Cognitive diagnosis is an essential research topic in intelligent education, aimed at assessing the level of mastery of different skills by students. So far, many research works have used deep learning models to explore the complex interactions between students, questions, and skills. However, the performance of existing method is frequently limited by the long-tailed distribution and dynamic changes in the data. To address these challenges, we propose a meta-learning framework for cognitive diagnosis based on continual learning (MetaCD).
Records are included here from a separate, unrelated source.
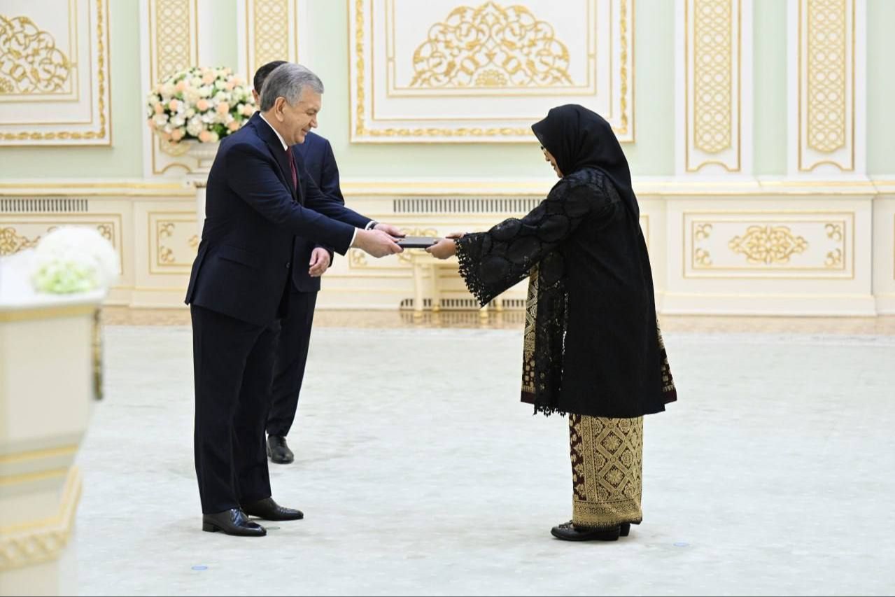 Өзбекстан Республикасы Президенти Шавкат Мирзиёев Греция Республикасының Айрықша ҳәм толық ҳуқықлы елшиси Параскеви Цевелеки, Индонезия Республикасының Айрықша ҳәм толық ҳуқықлы елшиси Сити Руҳайни Жухаятин, Латвия Республикасының Айрықша ҳәм толық ҳуқықлы елшиси Гиртса Яунземс, Франция Республикасының Айрықша ҳәм толық ҳуқықлы елшиси Валид Фук, Россия Федерациясының Айрықша ҳәм толық ҳуқықлы елшиси Алексей Ерхов, Японияның Айрықша ҳәм толық ҳуқықлы елшиси Кэндзи Хирата ҳәм Тәжикстан Республикасының Айрықша ҳәм толық ҳуқықлы елшиси Насриддин Исматуллодан исеним жарлықларын қабыл етти.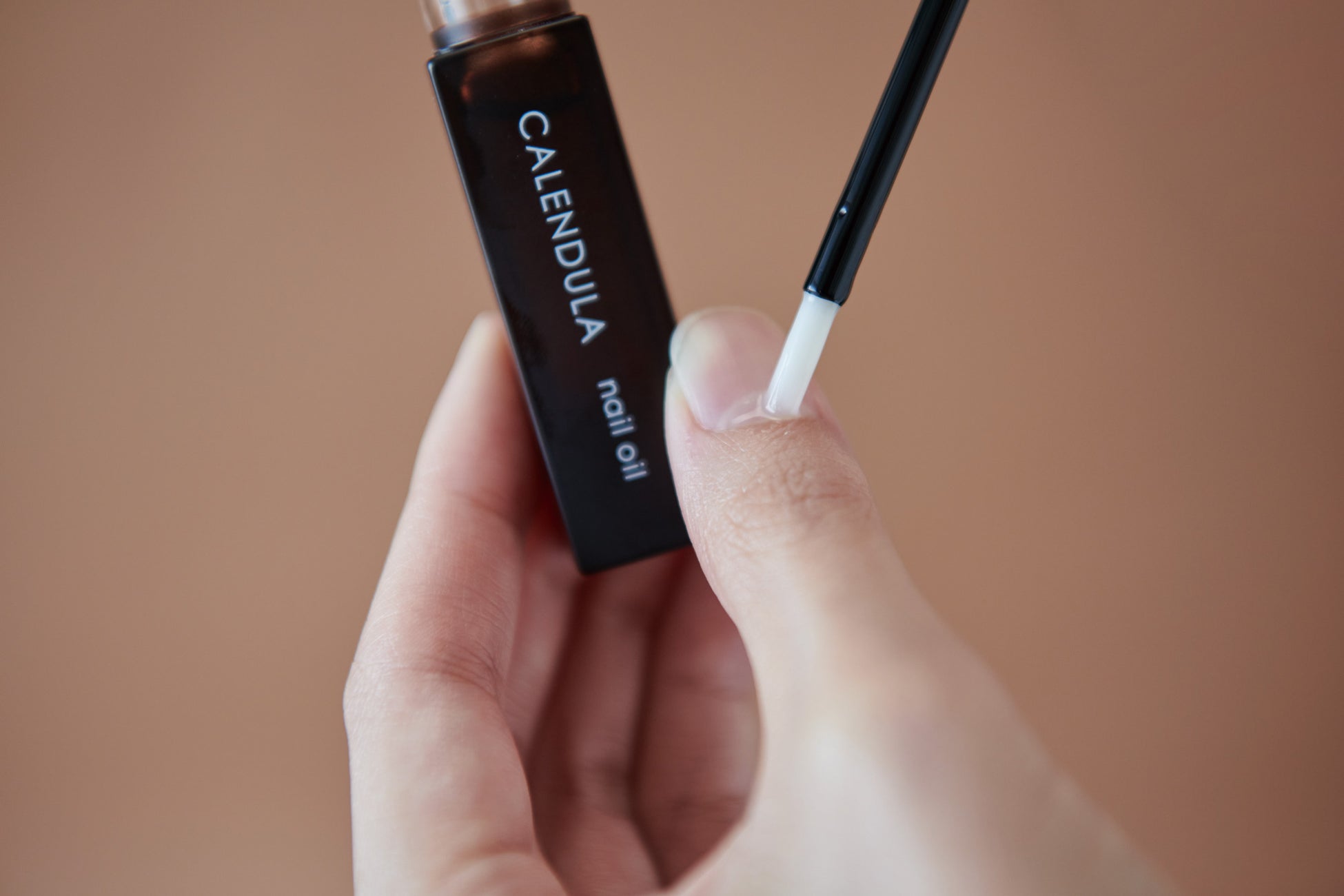ホホバ油、アーモンド油(いずれも植物由来保湿成分)配合。爪と爪周りの皮膚の乾燥・ひび・あかぎれを防ぎます。爪周りにオイルを塗布しやすいハケタイプ。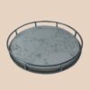 מגש זכוכית כהה עם רגלי כדורים מניקל שחור.

This framework can alleviate the long-tailed problem by utilizing meta-learning to learn the optimal initialization state, enabling the model to achieve good accuracy on new tasks with only a small amount of data. In addition, we utilize a continual learning method named parameter protection mechanism to give MetaCD the ability to adapt to new skills or new tasks, in order to adapt to dynamic changes in data. MetaCD can not only improve the plasticity of our model on a single task, but also ensure the stability and generalization of the model on sequential tasks. Comprehensive experiments on five real-world datasets show that MetaCD outperforms other baselines in both accuracy and generalization.